Print exactly the lines from the one containing "Ручной электрофрезер (плюс" through the last line of the entries below; the pictures stay out of the copy.
· · · ·
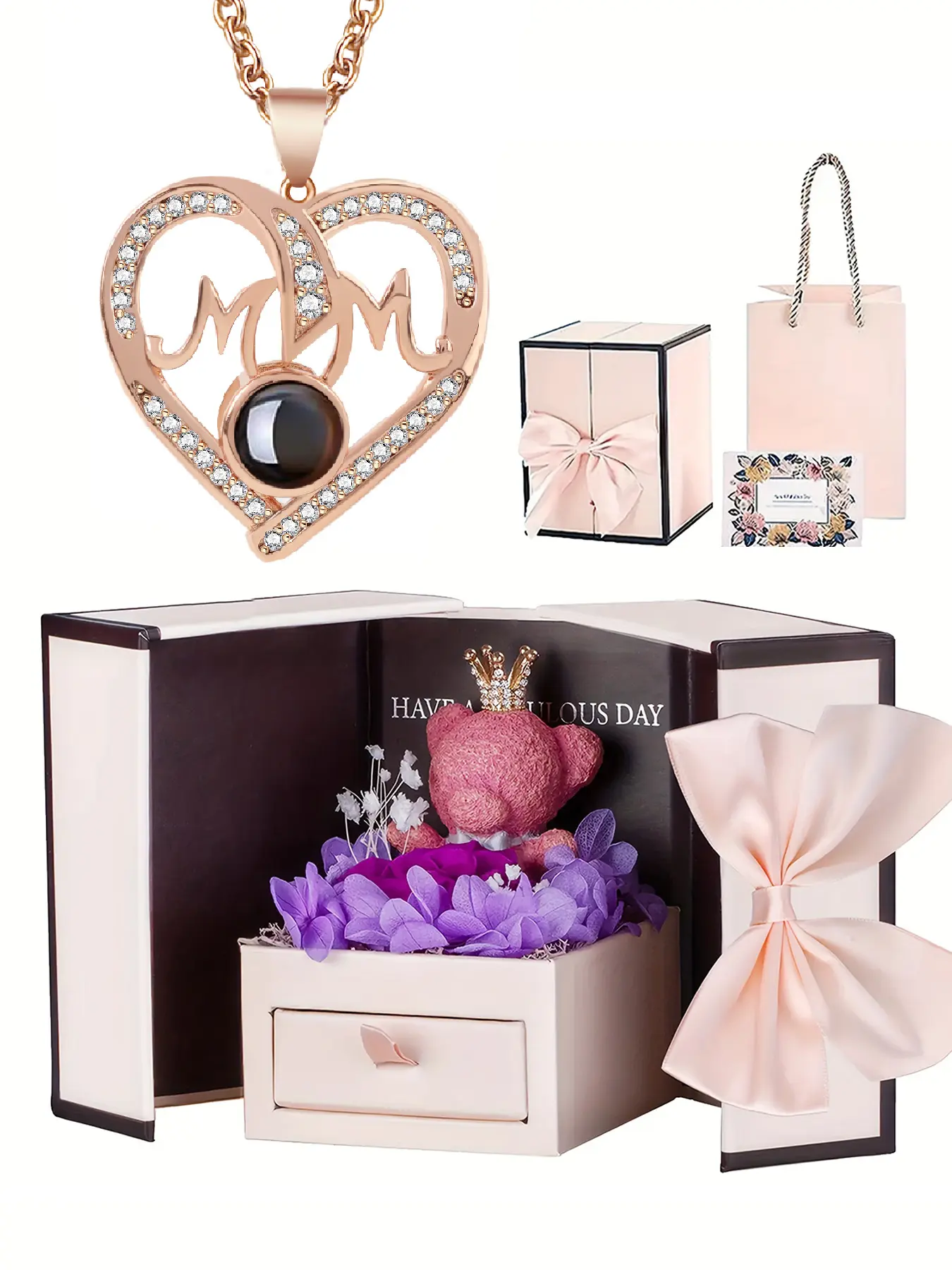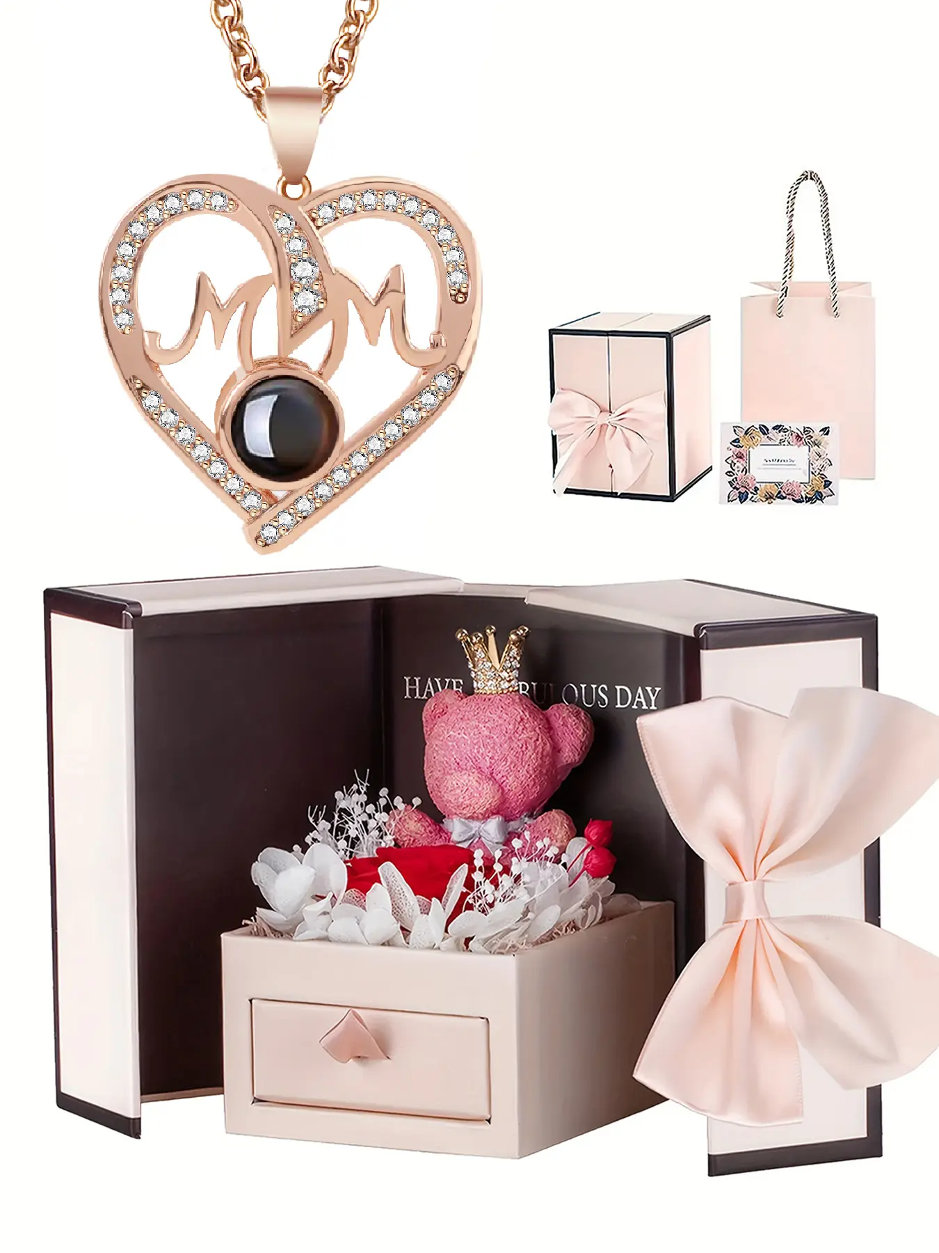 The gift from the husband to his wife, a gift for a new mother, the love projection necklace and the rose bear gift box, a Mother's Day gift, the best gift for her, suitable for wearing in various occasions
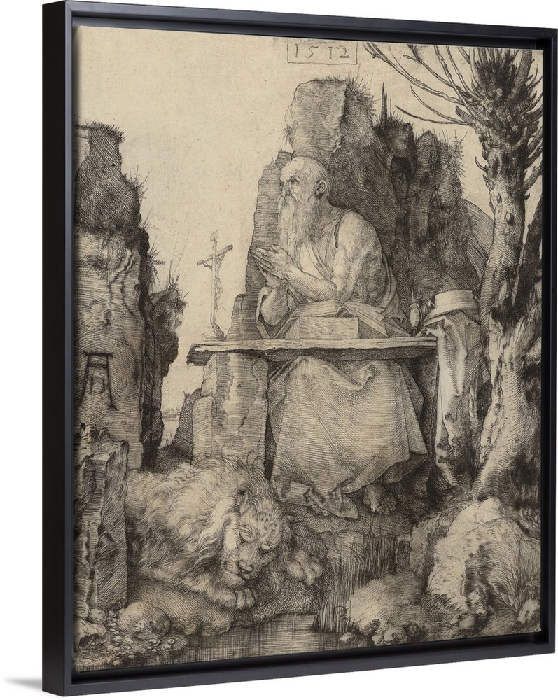 <p>St Jerome in the Wilderness, by Albrecht Durer, 1512, German print, copper dry point engraving. Jerome as a hermit in the desert, praying from a rocky desk. At his feet is a lion, his symbol.</p>
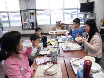 今日は、マリアン先生と一緒の給食です。「まだかな、まだかな〜」とマリアン先生を待っていました。とってもうれしいのに、はずかしくてなかなか話しかけられないのでした。マリアン先生からメニューを英語で教えてもらいました。
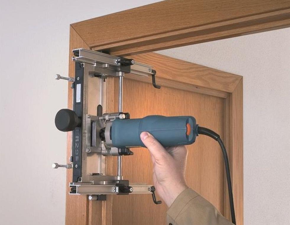 Ручной электрофрезер (плюс специальные фрезы). Устройство используется для врезки петель и замочного механизма. Им также снимают слой древесины с дверного полотна и коробки, делают посадочные места под петли.
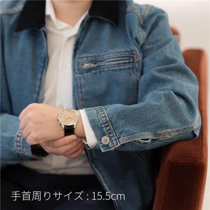 端正なアラビア数字とリーフ針、上品なベージュの文字盤が調和し、美しいフェイスを作り上げています。
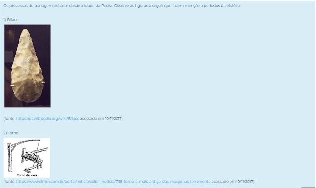 1) Os processos de usinagem existem desde a Idade da Pedra. Observe as figuras a seguir que fazem menção a períodos da história:
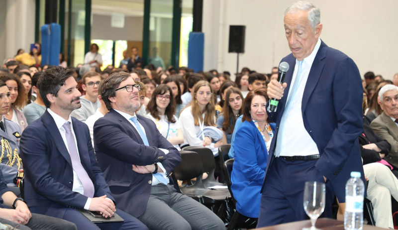 Cerca de seis centenas de alunos, professores e convidados da Escola Secundária Sá da Bandeira, em Santarém, assistiram na manhã desta sexta-feira, 12 de abril, a uma “aula” do Presidente da República, Marcelo Rebelo de Sousa.
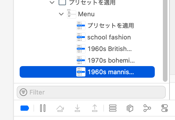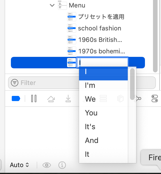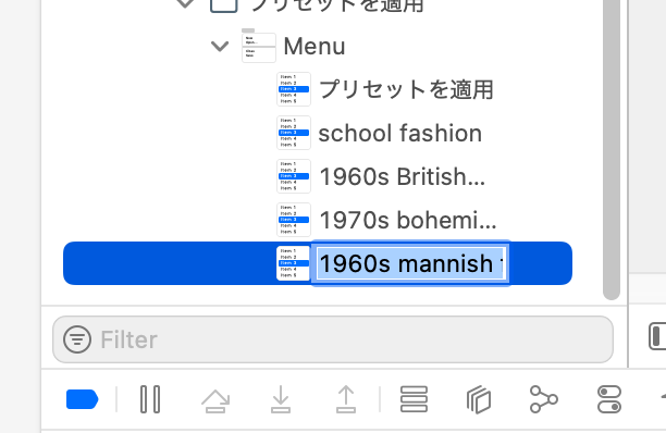 今回の場合はビュー内に配置したポップアップメニューのうち、左ペインに表示される項目名の変更を試みました。そこでおかしな挙動を発見したので、これは仕様かバグ挙動かを判断していただきたく投稿しました。あくまでこのペイン内での内容(表示される文字列)がどうこうという話で、実際のポップアップメニューの内容がここを変更しても変わらないことは理解しています。一応、念のため。
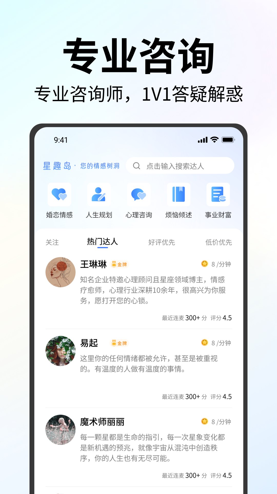 1. 平台所有入驻咨询师均需持有心理咨询、婚姻家庭咨询等权威认证证书,且具备至少5年相关从业经验,专业领域涵盖塔罗、星座、国学、心理、婚恋等多元方向。
· · · ·
» **PROBLEM SOLUTION**
 Ручной электрофрезер (плюс специальные фрезы). Устройство используется для врезки петель и замочного механизма. Им также снимают слой древесины с дверного полотна и коробки, делают посадочные места под петли.
 端正なアラビア数字とリーフ針、上品なベージュの文字盤が調和し、美しいフェイスを作り上げています。
 1) Os processos de usinagem existem desde a Idade da Pedra. Observe as figuras a seguir que fazem menção a períodos da história:
 Cerca de seis centenas de alunos, professores e convidados da Escola Secundária Sá da Bandeira, em Santarém, assistiram na manhã desta sexta-feira, 12 de abril, a uma “aula” do Presidente da República, Marcelo Rebelo de Sousa.
 今回の場合はビュー内に配置したポップアップメニューのうち、左ペインに表示される項目名の変更を試みました。そこでおかしな挙動を発見したので、これは仕様かバグ挙動かを判断していただきたく投稿しました。あくまでこのペイン内での内容(表示される文字列)がどうこうという話で、実際のポップアップメニューの内容がここを変更しても変わらないことは理解しています。一応、念のため。
 1. 平台所有入驻咨询师均需持有心理咨询、婚姻家庭咨询等权威认证证书,且具备至少5年相关从业经验,专业领域涵盖塔罗、星座、国学、心理、婚恋等多元方向。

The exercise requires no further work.